# INSTRUCTIONS TO FOLLOW
Transcribe nothing but the lines from the one with "Ngày 14/4/2020, Bộ" to the end of the entries, both included, keeping each exact and leaving every picture out.

(Collected data entries)
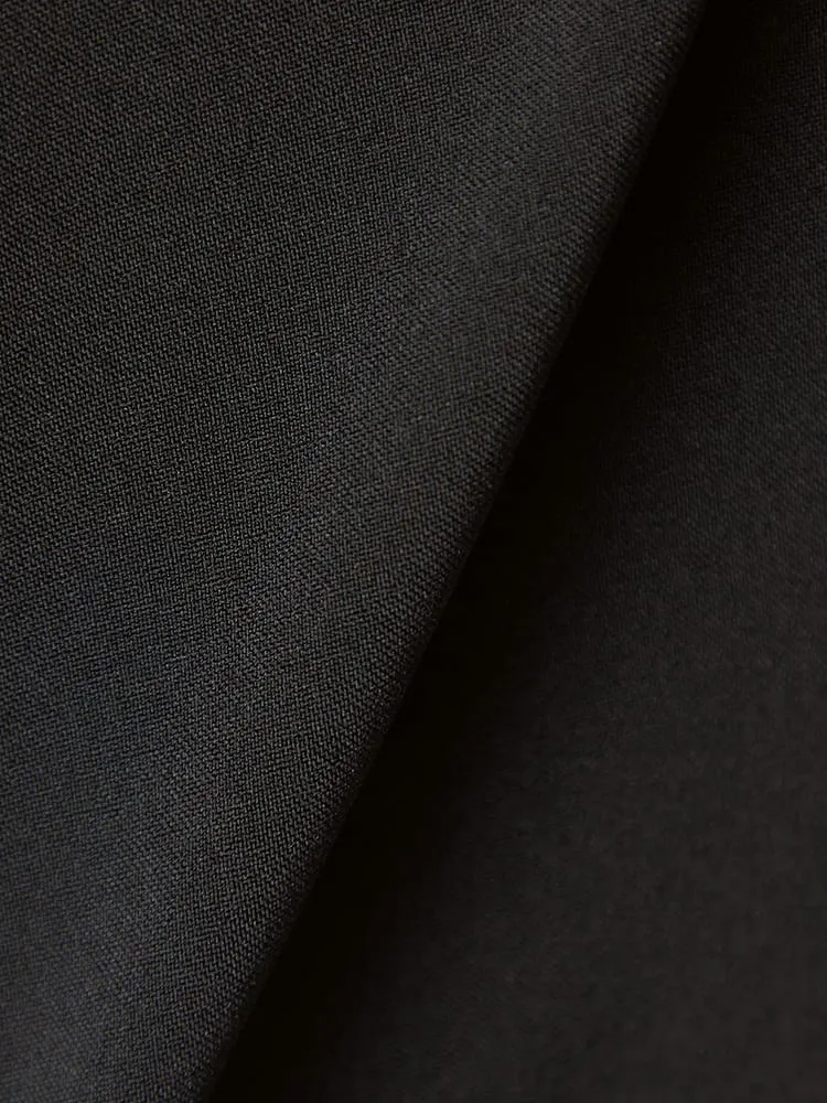 パンツの腰回りに生地の折り込みがなく、スッキリとしたシルエットを実現します。シンプルで洗練された印象を与え、すっきりとした着こなしが可能です。
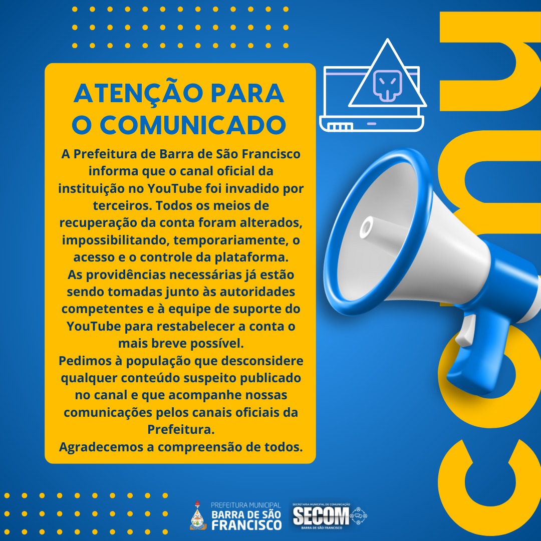 Nos últimos dias, os invasores realizaram publicações não autorizadas, incluindo conteúdos que não representam o trabalho da (SECOM) Secretaria Municipal de Comunicação. Pedimos que desconsiderem qualquer postagem feita na conta comprometida.
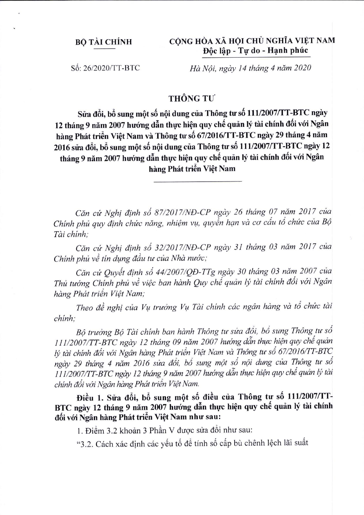 Ngày 14/4/2020, Bộ Tài chính đã ban hành Thông tư 26/2020/TT-BTC sửa đổi, bổ sung một số nội dung của Thông tư 111/2007/TT-BTC ngày 12/9/2007 hướng dẫn thực hiện quy chế quản lý tài chính đối với Ngân hàng Phát triển Việt Nam và Thông tư 67/2016/TT-BTC ngày 29/4/2016 sửa đổi, bổ sung một số nội dung của Thông tư 111/2007/TT-BTC ngày 12/9/2007 hướng dẫn thực hiện quy chế quản lý tài chính đối với Ngân hàng Phát triển Việt Nam.
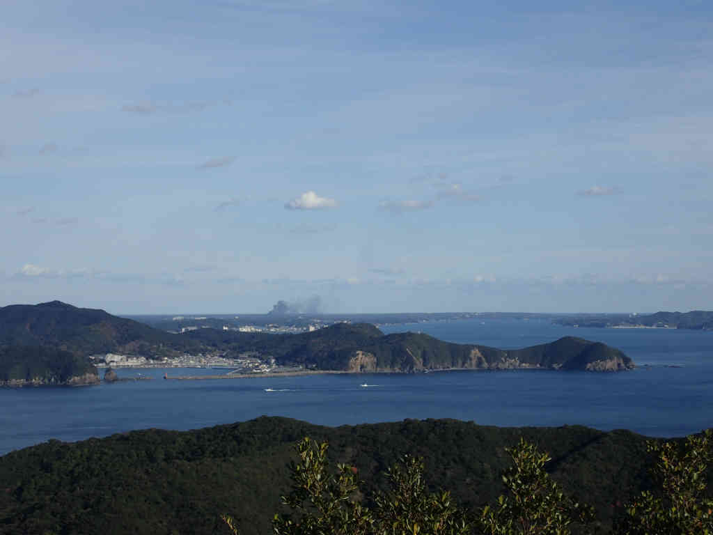 相賀漁港を通ると、朝の漁が終わったのだろうか、漁師の人たちが網の手入れをしている。細いメイン道路である郵便局前を通り過ぎ、左手のコンクリート階段を登ると小尾根である。標高140m付近まで登ると、米子浜への見晴らしのいい分岐。西にはこれから向かう米子浜とその右に局ヶ頂のいただき、東は相賀漁港と、その向こうに三崎の突端、さらにその向こうに浜島と志摩半島が綺麗に見えている。
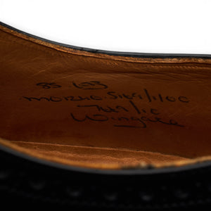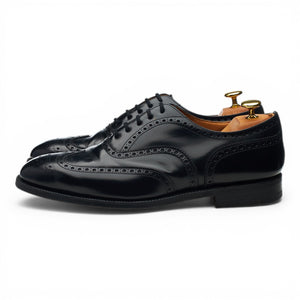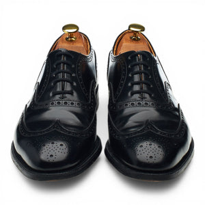 Church's 'Wingate' oxford wing tip brogues in black polished calf. In excellent used condition, showing minor signs of wear and light creasing across the vamps.

# OUTPUT FOR THIS TASK
 Ngày 14/4/2020, Bộ Tài chính đã ban hành Thông tư 26/2020/TT-BTC sửa đổi, bổ sung một số nội dung của Thông tư 111/2007/TT-BTC ngày 12/9/2007 hướng dẫn thực hiện quy chế quản lý tài chính đối với Ngân hàng Phát triển Việt Nam và Thông tư 67/2016/TT-BTC ngày 29/4/2016 sửa đổi, bổ sung một số nội dung của Thông tư 111/2007/TT-BTC ngày 12/9/2007 hướng dẫn thực hiện quy chế quản lý tài chính đối với Ngân hàng Phát triển Việt Nam.
 相賀漁港を通ると、朝の漁が終わったのだろうか、漁師の人たちが網の手入れをしている。細いメイン道路である郵便局前を通り過ぎ、左手のコンクリート階段を登ると小尾根である。標高140m付近まで登ると、米子浜への見晴らしのいい分岐。西にはこれから向かう米子浜とその右に局ヶ頂のいただき、東は相賀漁港と、その向こうに三崎の突端、さらにその向こうに浜島と志摩半島が綺麗に見えている。
 Church's 'Wingate' oxford wing tip brogues in black polished calf. In excellent used condition, showing minor signs of wear and light creasing across the vamps.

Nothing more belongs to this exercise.